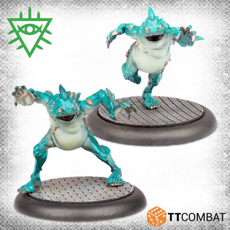 This set contains two Lesser Ugdru, claws drawn and ready to tear into anything that dares oppose them. These Small Ugdru are elite minions, more than capable of standing toe-to-toe with most Heroes. Able to swim swiftly and strike without hesitation or remorse, they turn every waterway into a deadly trap for their prey.
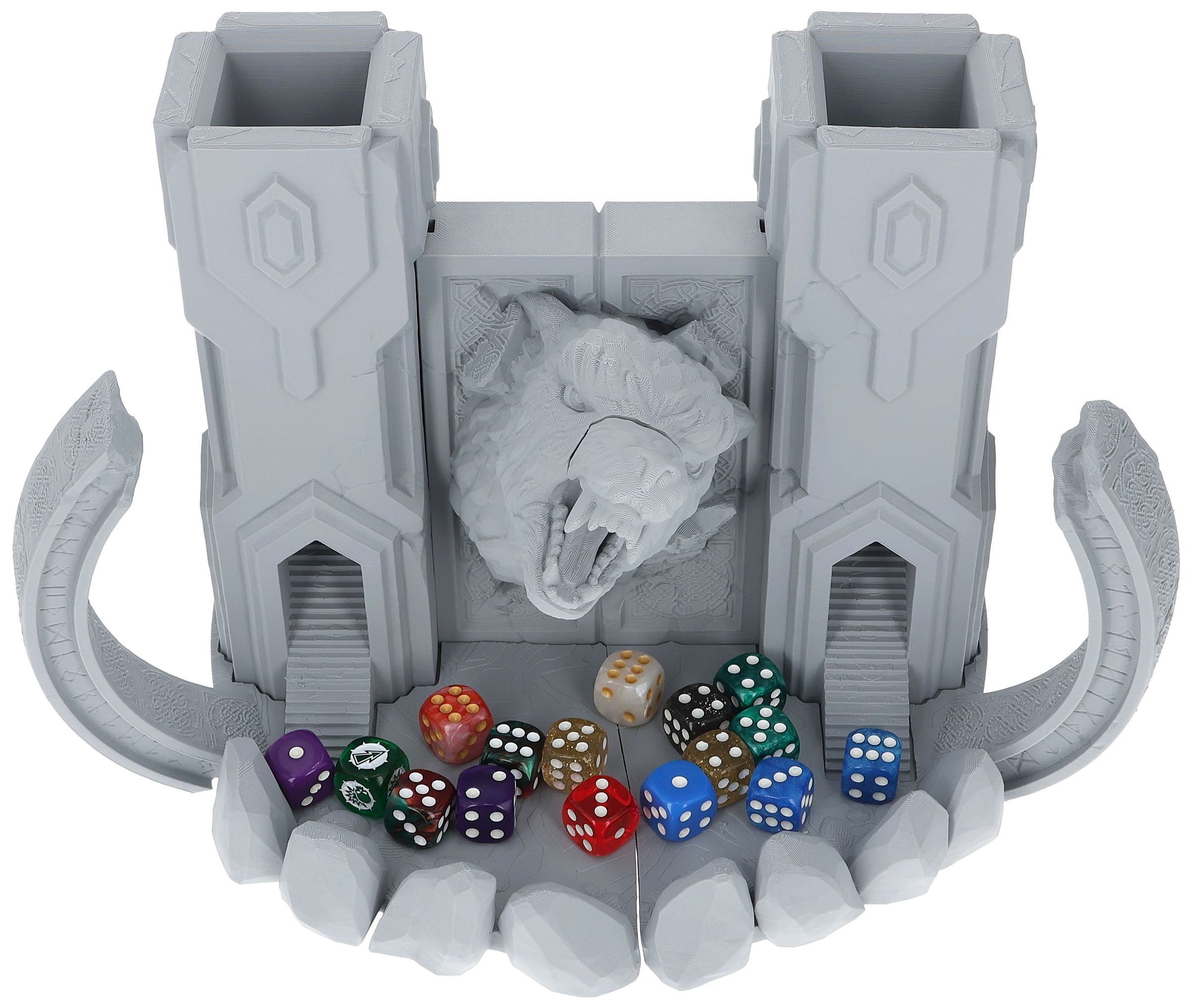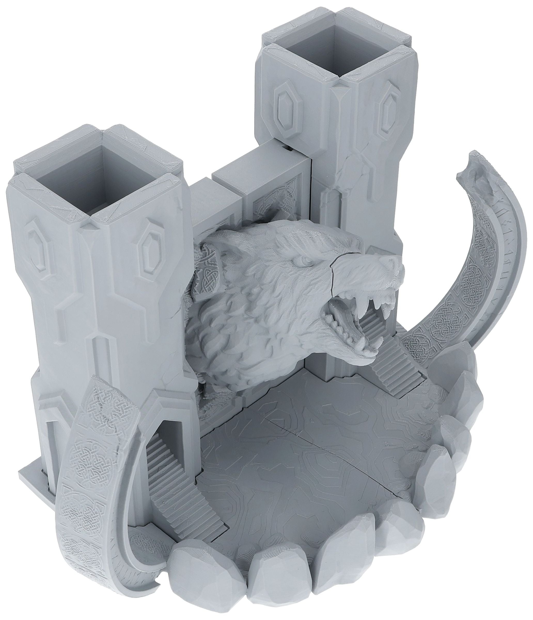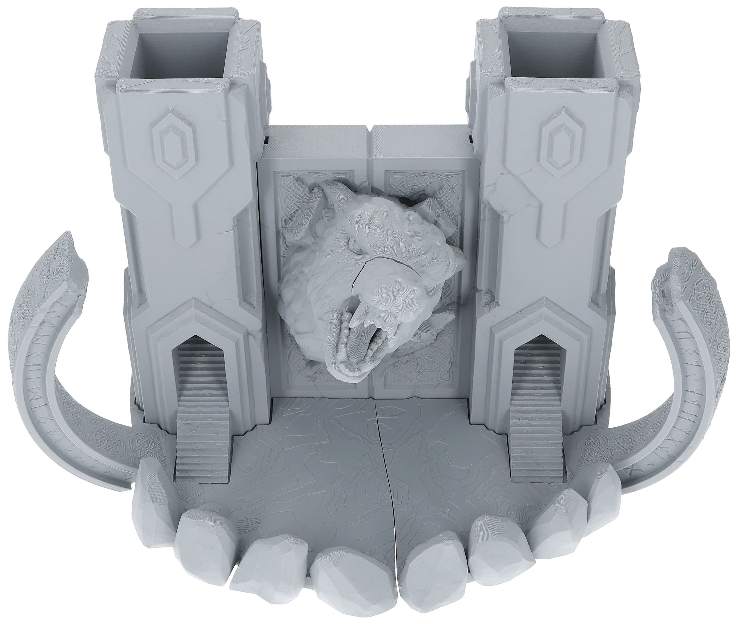 Crafted from environmentally friendly PLA and printed in Germany, this dice tower combines sustainability with high-quality craftsmanship. Whether you're playing Dungeons and Dragons, Warhammer, or any other tabletop role-playing games, The Gate to Valhalla Dice Tower enhances your gaming experience with style and efficiency. Each roll of the dice is funneled through these towering gates, adding a touch of mythic drama to your adventures.
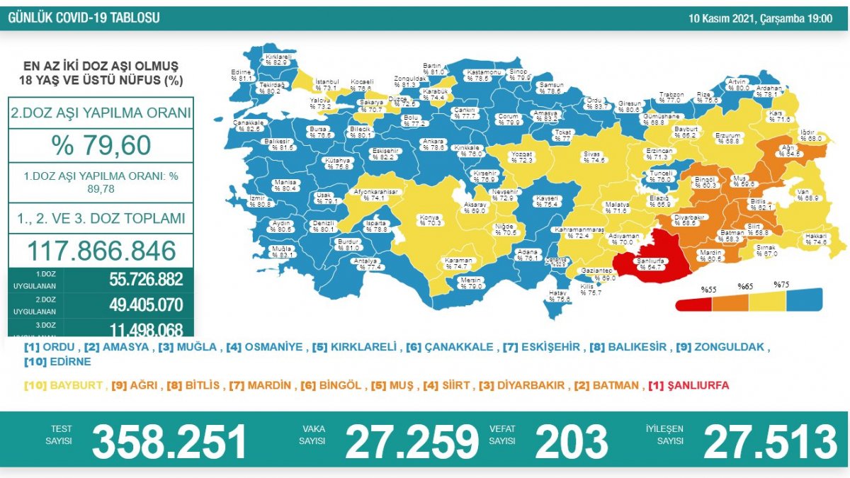 Buna göre; Türkiye'de son 24 saatte 358 bin 251 Kovid-19 testi yapıldı, 27 bin 259 kişinin testi pozitif çıkarken, 203 kişi ise hayatını kaybetti.
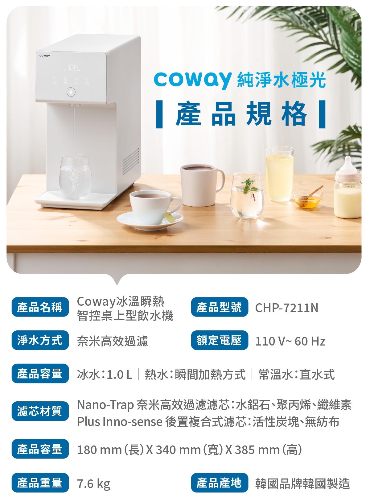 全球第一淨水器品牌,全新升級 Coway 純淨水極光!寬度縮減 8 公分,狹窄空間也可安裝使用;獨家電熱 4°C 製冷與瞬熱技術,5 秒即濾即飲無需等待;內建 6 種溫度、5 種水量設定,還可透過 APP 客製化個人設定,滿足咖啡、茶、冷/熱飲等各種日常飲用水需求;四重淨化過濾、出水口定時 UV 殺菌,水質符合最高生飲標準,多重守護飲水品質,打造最頂級的用水體驗!
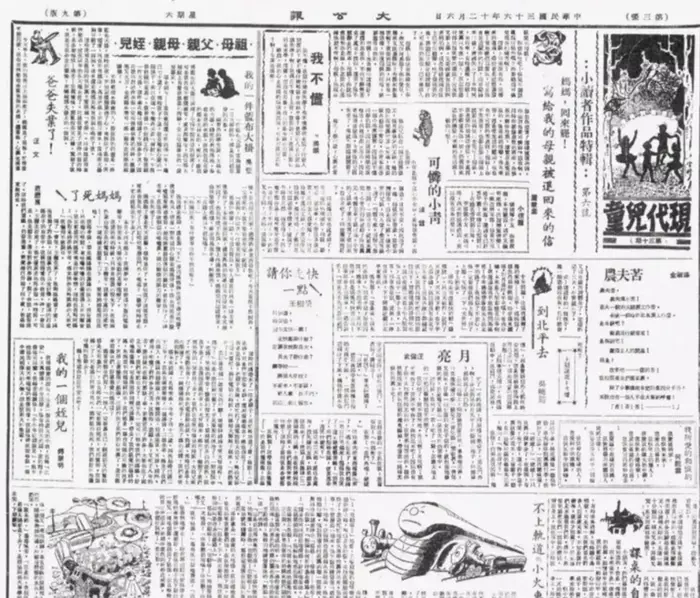在同一天发表的还有《大公报》“现代儿童”栏目主编、儿童文学家陈伯吹的《不上轨道的小火车头》。41年后,陈伯吹在《解放日报》朝花副刊发表《遥寄琼瑶》一文回忆道,“当时周末版的副刊是巴金、靳以合编的《文艺》;星期日的副刊,我负责编辑的《现代儿童》。一位年仅九岁的读者寄来了题为《可怜的小青》的文章。文章感情真挚,文笔清丽,我拿出来发表了。四十年后的今天才知道这位陈喆就是当今台湾文坛上享有盛誉的著名作家琼瑶。”
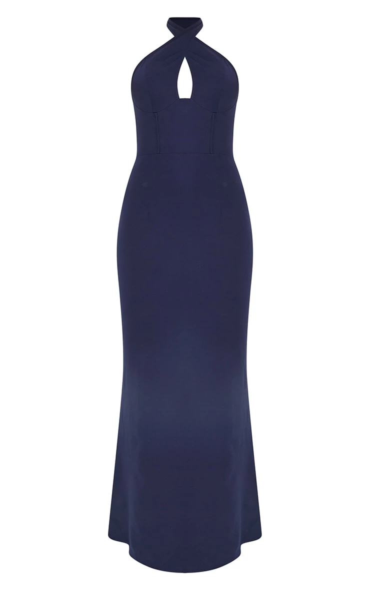 Have all eyes on you at your next big occasion with this maxi dress. Featuring a navy material with a corset detail and a cross front design, team this dress with clear heels and complete the look with statement earrings.
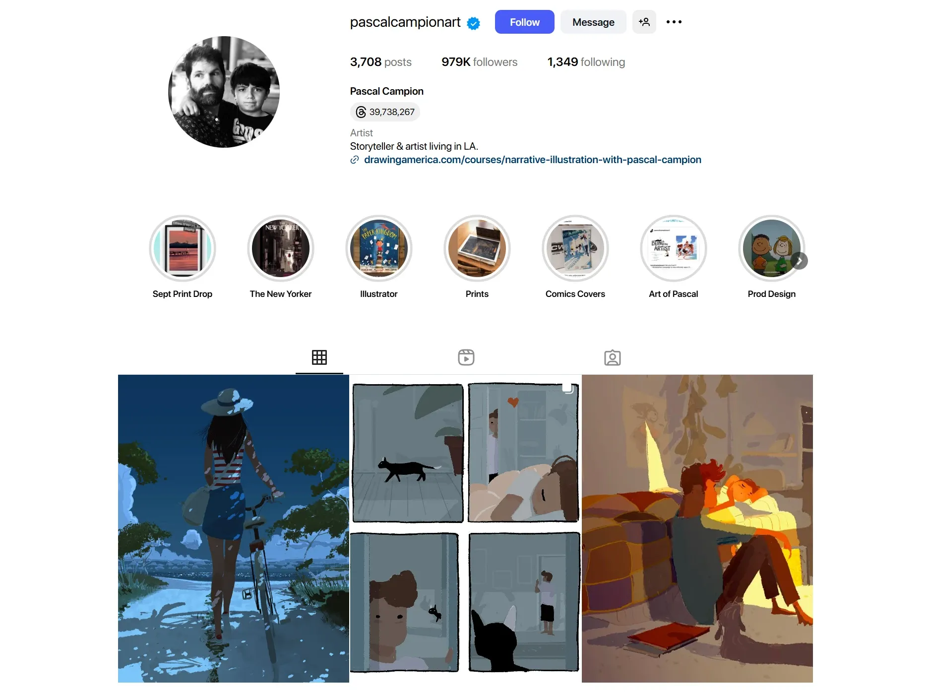 Pascal Campion (@pascalcampionart) is known for his digital illustrations of everyday moments. He currently sells drawing tools, and various online courses on digital drawing.

### [What the exercise asks]
Leave out any pictures, please, and quote only the lines from the top of the data through the line that contains "Have all eyes".

### [Result of the exercise]
 This set contains two Lesser Ugdru, claws drawn and ready to tear into anything that dares oppose them. These Small Ugdru are elite minions, more than capable of standing toe-to-toe with most Heroes. Able to swim swiftly and strike without hesitation or remorse, they turn every waterway into a deadly trap for their prey.
 Crafted from environmentally friendly PLA and printed in Germany, this dice tower combines sustainability with high-quality craftsmanship. Whether you're playing Dungeons and Dragons, Warhammer, or any other tabletop role-playing games, The Gate to Valhalla Dice Tower enhances your gaming experience with style and efficiency. Each roll of the dice is funneled through these towering gates, adding a touch of mythic drama to your adventures.
 Buna göre; Türkiye'de son 24 saatte 358 bin 251 Kovid-19 testi yapıldı, 27 bin 259 kişinin testi pozitif çıkarken, 203 kişi ise hayatını kaybetti.
 全球第一淨水器品牌,全新升級 Coway 純淨水極光!寬度縮減 8 公分,狹窄空間也可安裝使用;獨家電熱 4°C 製冷與瞬熱技術,5 秒即濾即飲無需等待;內建 6 種溫度、5 種水量設定,還可透過 APP 客製化個人設定,滿足咖啡、茶、冷/熱飲等各種日常飲用水需求;四重淨化過濾、出水口定時 UV 殺菌,水質符合最高生飲標準,多重守護飲水品質,打造最頂級的用水體驗!
在同一天发表的还有《大公报》“现代儿童”栏目主编、儿童文学家陈伯吹的《不上轨道的小火车头》。41年后,陈伯吹在《解放日报》朝花副刊发表《遥寄琼瑶》一文回忆道,“当时周末版的副刊是巴金、靳以合编的《文艺》;星期日的副刊,我负责编辑的《现代儿童》。一位年仅九岁的读者寄来了题为《可怜的小青》的文章。文章感情真挚,文笔清丽,我拿出来发表了。四十年后的今天才知道这位陈喆就是当今台湾文坛上享有盛誉的著名作家琼瑶。”
 Have all eyes on you at your next big occasion with this maxi dress. Featuring a navy material with a corset detail and a cross front design, team this dress with clear heels and complete the look with statement earrings.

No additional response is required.